A more specialized device called The VEST, developed by Houston startup NeoSensory, goes further: It translates sounds into vibrations from 32 motors distributed across a user's torso. NeoSensory cofounders David Eagleman and Scott Novich, both neuroscientists, say the VEST can potentially help deaf and hearing-impaired people learn to recognize sounds and even spoken words by training themselves to recognize the different vibrations from the device.

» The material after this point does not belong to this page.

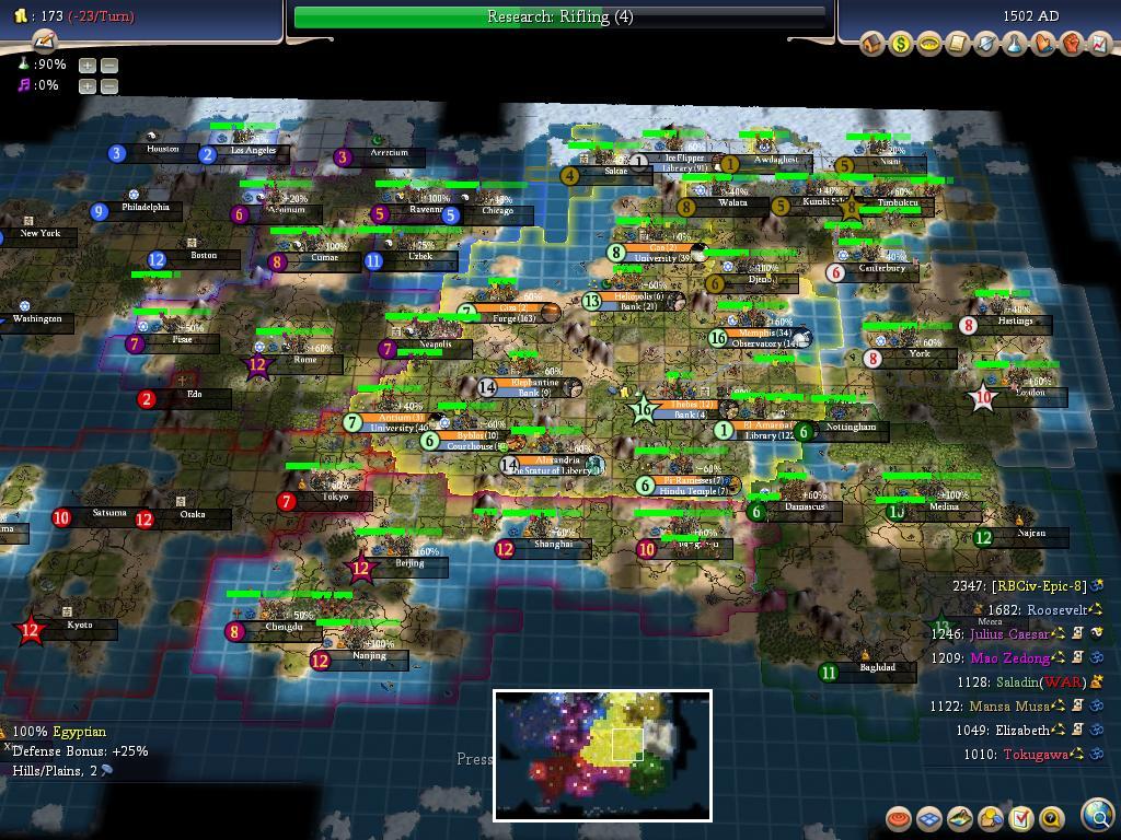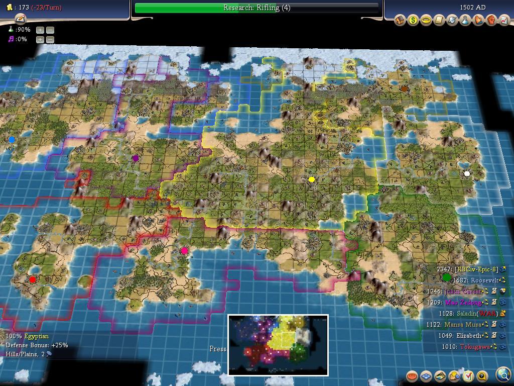 I marked the capitals with dots to illustrate the starting positions; my favorite thing about the bare map is the ease with which you can see the borders. Clearly, I did rather well for myself in terms of grabbing land, especially in the north and in the west. Antium was actually Rome's second city, and I got it to flip to me! Mansa has seven cities, but they are very weak, and he's been squeezed badly. Liz is in worse shape, with only four cities to her name. Poor girl. Saladin looks better at the moment, with six cities, but he's already had one razed, there's another one under severe cultural pressure, and Mao/Caesar are moving large stacks into his borders now. Mao and Toku both have six cities (five on land and one offshore for each of them), but were unable to expand out of the south. Caesar has seven cities and did well in the north, but has fared poorly everywhere else. And FDR - he carved up the north and did MUCH better than any of the other AIs. That, along with the Colossus/Great Lighthouse/Pyramids combo separated him from the pack of the other civs.

Research shows that people can learn to perceive signals normally received through one sense when it's delivered through another, meaning deaf people can learn to feel sounds or blind people can hear images, says Eagleman, the company's chief science officer and the host of PBS series The Brain with David Eagleman. In a TED talk filmed in 2015, Eagleman screened footage of a profoundly deaf man successfully using the VEST to recognize spoken words, explaining the devices could be up to 40 times cheaper than the cochlear implants now typically used to enable deaf patients to hear.
"We have people wear the vest all day long, and they play this whole suite of games that we have on the phone," Eagleman tells Fast Company. One game triggers a vibration corresponding to a particular spoken word, then asks the user to choose between two options, he says.
"At first, you're completely guessing, because you've never felt this before," Eagleman says, but users get better with practice. "The younger the subject, the better the learning is—the better and faster the learning is."
Since then, the NeoSensory team has been refining the algorithms that determine how the motor vibration patterns shift in response to different sound. The company's also been streamlining prototypes of the VEST with an eye toward manufacturing the devices later this year, says Novich, the chief technology officer.
"You can wear them underneath your clothing," he says. "Nobody knows you really have them on, they're really silent, last all day on a single charge, and they're totally robust."
And once the VESTs are released to the public, even people with no hearing impairments may be able to benefit, since an API will let developers experiment with sending arbitrary signals to the vibrating motors from a linked smartphone. That could let the devices be used to transmit anything from infrared images to financial data to video game-enhancing feedback.
"We can think of like 25 things that we would be awesome data streams to feed in, but there are going to be 25,000 things to try that we haven't even thought of," says Eagleman.